Kernel failure: Invalid argument

Hi guys,

I got a code up and running today on CUDA Fortran, but I have one problem that I’m not able to figure out and need some suggestions for how to debug. Here is the problem section of the code:

DO j = 1,n_steps
    
CALL build_SC<<<grid_sz,block_sz>>>(Super_set_1_d, Super_set_2_d,       Super_set_3_d, Super_set_4_d, Phi2_d, PHI_d, Phi1_d, termsdim4_d, SC_d, NCRYS, SUP_IND)

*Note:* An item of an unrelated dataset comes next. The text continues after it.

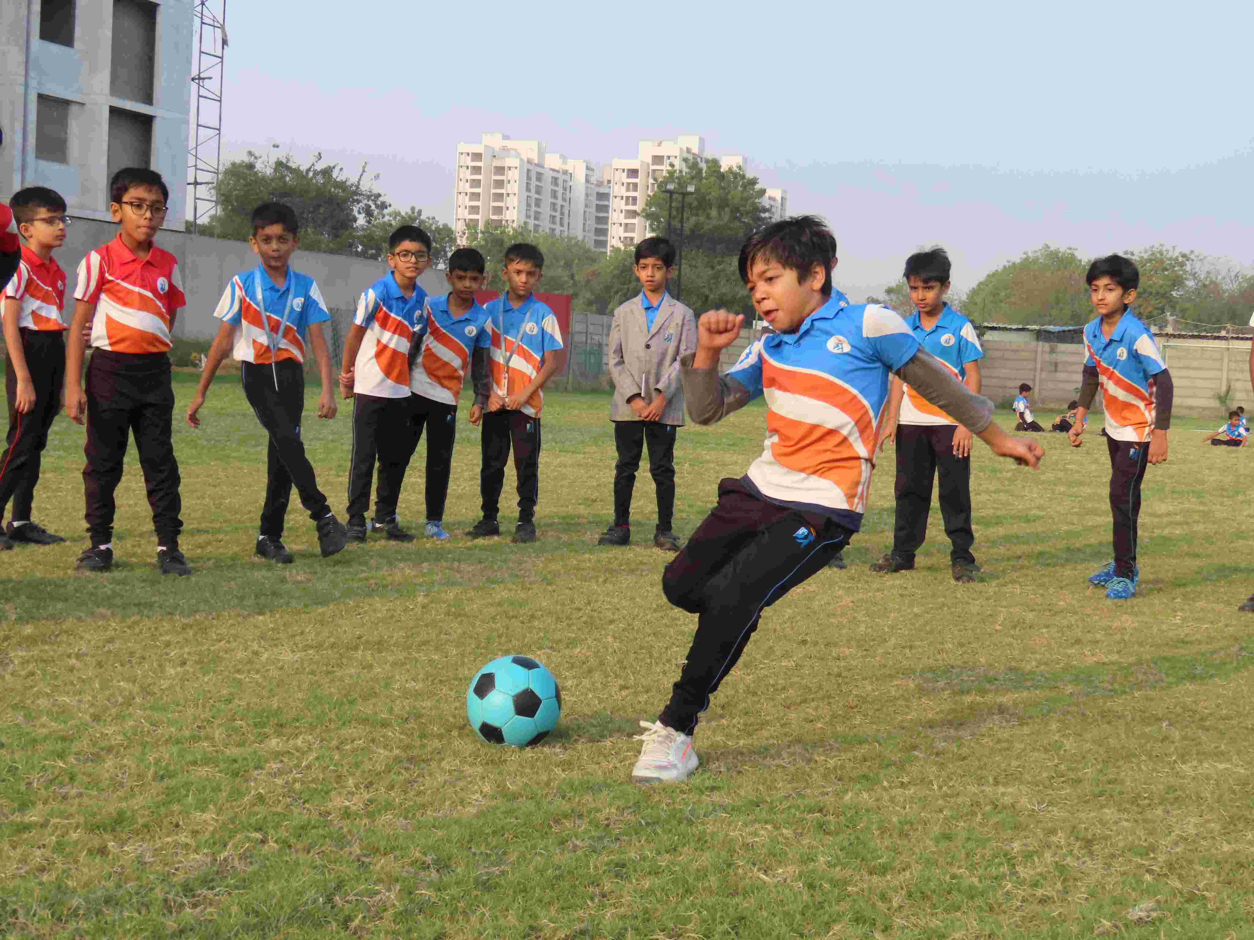 The campus features a cricket pitch, basketball court, football turf, volleyball court, lawn tennis court, and a skating rink, providing opportunities for students to explore and excel in multiple sports disciplines.

CALL mmul<<<dim3(NCRYS/16,1,1),dim3(16,9,1)>>>( SC_d, FoMat_d(:,1:9), StressMat_d(:,1:9), NCRYS,  2*SUP_IND, 9 )

          .
          .
          .
	  StressMat = StressMat_d
          .
          .
          .
          w_12,w_13,w_23 updated
          .
          .
          .
	 CALL QMAT<<<blocks_texture,threads_texture>>>(Phi2_d, PHI_d, Phi1_d)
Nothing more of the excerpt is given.